In the midterm elections of 1994, Republicans swept both houses of Congress in a victory that ended 40 years of Democratic control of the House of Representatives. The GOP touted as its charter a “Contract with America,” a 10-point plan that called for, among other things, a balanced budget, welfare reform, a pullback on military support for U.N. peacekeeping, a 50% cut in tax on capital gains, and term limits for representatives and senators.
Newt Gingrich, the GOP leader and co-author of the contract, pronounced the results a revolution. “I think I am a transformational figure,” Gingrich said before the election. “I think I am trying to effect a change so large that the people who would be hurt by the change, the liberal Democratic machine, have a natural reaction – which gets wearying.”
And yet with the exception of a reform of welfare that became law two years later, the revolution failed to achieve the reordering of society that Gingrich envisioned. For that, credit goes to an opposition led by Sen. Ted Kennedy, who countered Republicans and held Bill Clinton, who as president reacted to the GOP sweep with a strategy of accommodation, in check.
I was reminded of all of this recently while reading a review by Jeff Madrick of “Lion of the Senate: When Ted Kennedy Rallied the Democrats in a GOP Congress,” a book by former Kennedy staffers Nick Littlefield and David Nexon. I plan to read it when I return to New York (there’s a copy on the shelf in the local branch of the public library), in part because Kennedy demonstrated how to curb the excesses of a majority. That may make the book a must-read for anyone who wonders how to function in a time of Trump.
So what explained Kennedy’s effectiveness?
He was tireless, according to Madrick (citing Littlefield and Nexon), who notes the intensity of preparation that the senator brought to issues. “He gathered groups of analysts and academics to debate the issues before he presented a new bill or had a meeting with the president, an opposition leader, or his fellow Democrats,” Madrick writes.
The congressional scholar Norm Ornstein, in his own review of Littlefield’s and Nexon’s book, recalls Kennedy this way:
Kennedy was a true workhorse who left the office every day with a huge, thick briefcase filled with bills and staff memos, and returned the next morning with all of them heavily annotated. He was genuinely passionate about social justice and indefatigable in trying to achieve results. He was a liberal ideologue but a supreme pragmatist, always seeking support across party lines and always willing to take a half, quarter or tenth of a loaf if that was necessary. He mastered the rules and norms of the Senate enough to use them to advantage in achieving his goals.

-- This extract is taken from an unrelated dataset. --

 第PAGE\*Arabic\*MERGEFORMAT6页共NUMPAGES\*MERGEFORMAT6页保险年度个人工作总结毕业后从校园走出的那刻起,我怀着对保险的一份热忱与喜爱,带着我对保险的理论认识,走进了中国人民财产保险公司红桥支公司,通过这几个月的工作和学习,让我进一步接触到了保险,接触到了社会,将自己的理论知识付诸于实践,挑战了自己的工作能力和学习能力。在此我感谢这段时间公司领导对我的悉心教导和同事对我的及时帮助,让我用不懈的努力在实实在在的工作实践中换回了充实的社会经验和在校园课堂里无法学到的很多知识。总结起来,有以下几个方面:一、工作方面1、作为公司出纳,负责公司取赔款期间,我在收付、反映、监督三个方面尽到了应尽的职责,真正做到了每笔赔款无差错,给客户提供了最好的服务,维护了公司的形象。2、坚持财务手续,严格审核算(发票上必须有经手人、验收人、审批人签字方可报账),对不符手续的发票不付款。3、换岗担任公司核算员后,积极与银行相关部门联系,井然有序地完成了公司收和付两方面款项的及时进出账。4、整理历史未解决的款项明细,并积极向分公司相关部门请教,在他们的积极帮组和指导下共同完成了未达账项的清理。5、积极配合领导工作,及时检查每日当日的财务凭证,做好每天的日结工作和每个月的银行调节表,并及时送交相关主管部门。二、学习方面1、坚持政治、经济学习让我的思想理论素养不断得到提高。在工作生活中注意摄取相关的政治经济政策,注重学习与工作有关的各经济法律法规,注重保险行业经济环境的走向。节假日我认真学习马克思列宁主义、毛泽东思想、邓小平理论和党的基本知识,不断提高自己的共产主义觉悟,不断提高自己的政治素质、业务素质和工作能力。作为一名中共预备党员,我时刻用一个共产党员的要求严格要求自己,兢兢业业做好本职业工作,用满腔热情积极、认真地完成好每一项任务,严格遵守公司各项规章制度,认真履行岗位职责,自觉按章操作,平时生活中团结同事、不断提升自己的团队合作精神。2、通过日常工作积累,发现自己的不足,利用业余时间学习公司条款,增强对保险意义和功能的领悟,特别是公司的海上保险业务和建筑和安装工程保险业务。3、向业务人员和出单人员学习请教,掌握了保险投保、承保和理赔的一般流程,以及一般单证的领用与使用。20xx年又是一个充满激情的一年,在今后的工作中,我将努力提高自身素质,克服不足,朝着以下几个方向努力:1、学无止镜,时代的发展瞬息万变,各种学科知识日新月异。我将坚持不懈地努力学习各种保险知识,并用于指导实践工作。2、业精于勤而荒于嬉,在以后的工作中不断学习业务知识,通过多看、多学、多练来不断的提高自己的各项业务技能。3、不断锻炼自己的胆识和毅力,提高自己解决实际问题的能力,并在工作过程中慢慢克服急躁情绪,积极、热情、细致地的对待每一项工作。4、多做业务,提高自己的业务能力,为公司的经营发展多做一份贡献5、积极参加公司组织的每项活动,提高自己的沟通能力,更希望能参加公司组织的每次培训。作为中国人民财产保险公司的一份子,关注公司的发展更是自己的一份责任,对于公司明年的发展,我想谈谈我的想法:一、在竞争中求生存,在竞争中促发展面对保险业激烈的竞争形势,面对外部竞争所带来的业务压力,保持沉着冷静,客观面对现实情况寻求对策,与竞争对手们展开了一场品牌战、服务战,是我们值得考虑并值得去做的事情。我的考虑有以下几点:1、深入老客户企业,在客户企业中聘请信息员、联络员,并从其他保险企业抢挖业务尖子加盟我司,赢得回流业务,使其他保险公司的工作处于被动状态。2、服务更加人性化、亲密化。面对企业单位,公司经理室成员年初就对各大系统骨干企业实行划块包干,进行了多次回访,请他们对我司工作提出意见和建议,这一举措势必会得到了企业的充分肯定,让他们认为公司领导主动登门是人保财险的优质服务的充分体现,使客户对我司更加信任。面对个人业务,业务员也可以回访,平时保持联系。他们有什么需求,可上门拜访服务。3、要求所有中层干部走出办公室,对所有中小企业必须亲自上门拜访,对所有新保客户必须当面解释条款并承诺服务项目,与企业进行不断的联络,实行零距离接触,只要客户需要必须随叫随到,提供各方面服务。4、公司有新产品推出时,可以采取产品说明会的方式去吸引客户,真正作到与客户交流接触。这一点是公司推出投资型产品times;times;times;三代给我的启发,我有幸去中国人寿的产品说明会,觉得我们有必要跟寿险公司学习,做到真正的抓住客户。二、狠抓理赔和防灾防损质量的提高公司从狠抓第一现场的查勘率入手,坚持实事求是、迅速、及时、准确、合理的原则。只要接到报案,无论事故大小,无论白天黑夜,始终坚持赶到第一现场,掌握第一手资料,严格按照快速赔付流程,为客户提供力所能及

The senator knew how to legislate, which as Madrick explains, required the ability to keep your friends close and your enemies closer. According to Madrick:
Kennedy worked constantly, and if he had to make an intense effort to win over a senatorial colleague he did so. Sometimes he sang a song in a meeting, or he would memorize a thousand-word poem, as he did to win approval for federal funds to renovate the Longfellow House in Cambridge, Massachusetts. Mostly, he was a purposeful presence on the Senate floor or in the cloakroom, or he was visiting the offices of senators to form voting alliances to support his programs or defeat those of Republicans or right-wing Democrats.
Compared with Clinton, whose tendency was to triangulate, Kennedy clung to his convictions. Madrick cites a speech by Kennedy on Jan. 11, 1995 at the National Press Club, as a call to arms by Kennedy to Democrats intimidated by the Republican landslide.
Though Madrick quotes form the speech, I recommend watching it. Kennedy, addressing a capital that is in the thrall of a GOP takeover, startles you by beginning seemingly in medias res:
I come here as a Democrat. I reject such qualifiers as New Democrat or Old Democrat or neo-Democrat. I am committed to the enduring principles of the Democratic Party, and I am proud of its great tradition of service to the people who are the heart and strength of this nation: working families and the middle class.
Though Republicans presented their proposals as the product of a revolution, the contract, as Madrick notes, “boiled down to major tax cuts for the wealthy, paid for by sharply cutting social programs, including Medicare benefits, and reducing federal government expenditures on education by up to 25 percent, with the announced goal of balancing the budget.”
With Kennedy in opposition, Democrats halted most of the Gingrich revolution, which would end four years later with Republicans losing seats and Gingrich resigning as speaker of the House (and his seat). In 1996, Kennedy helped pass an increase in the minimum wage. A year later, he co-sponsored legislation that expanded health insurance coverage for children.
Ornstein recalls the shift that Kennedy helped bring about. “The political process went from one where Gingrich and his troops were on their way to establishing a parallel presidency, seizing control of the initiative and the agenda immediately after the 104th Congress convened, to one where they were back on their heels after the disastrous government shutdowns and threats over the debt ceiling at the end of 1995 and the beginning of 1996, to a period of bipartisan legislating that lasted into 1997 before collapsing into the morass of impeachment politics,” Ornstein writes.